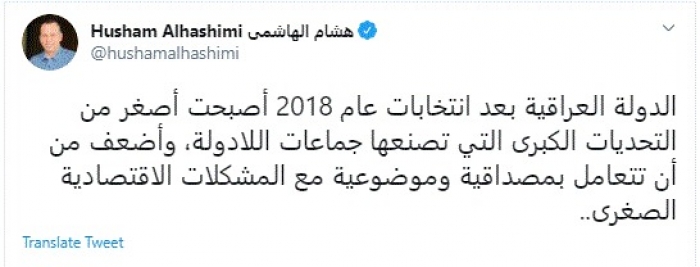 وقال في تغريدة عبر "تويتر" رصدها "المشهد العربي": "الدولة العراقية بعد انتخابات عام 2018 أصبحت أصغر من التحديات الكبرى التي تصنعها جماعات اللادولة، وأضعف من أن تتعامل بمصداقية وموضوعية مع المشكلات الاقتصادية الصغرى".
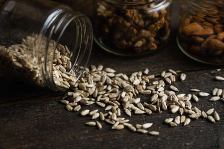 Sunflower seeds scattered on the wooden vintage table from a jar.
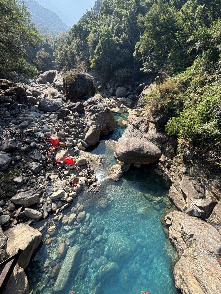 On our way back from the Double Decker Living Root Bridge, we took a refreshing detour to the Blue Lagoon, nestled just below the iron suspension bridge. The moment we arrived, we were spellbound—the crystal-clear blue waters looked almost unreal, untouched by filters or edits, a true natural wonder.

EXERCISE DETAILS → Leave out any pictures, please, and quote only the lines from the top of the data through the line that contains "Sunflower seeds scattered".

SOLUTION FOR THIS EXERCISE →
 وقال في تغريدة عبر "تويتر" رصدها "المشهد العربي": "الدولة العراقية بعد انتخابات عام 2018 أصبحت أصغر من التحديات الكبرى التي تصنعها جماعات اللادولة، وأضعف من أن تتعامل بمصداقية وموضوعية مع المشكلات الاقتصادية الصغرى".
 Sunflower seeds scattered on the wooden vintage table from a jar.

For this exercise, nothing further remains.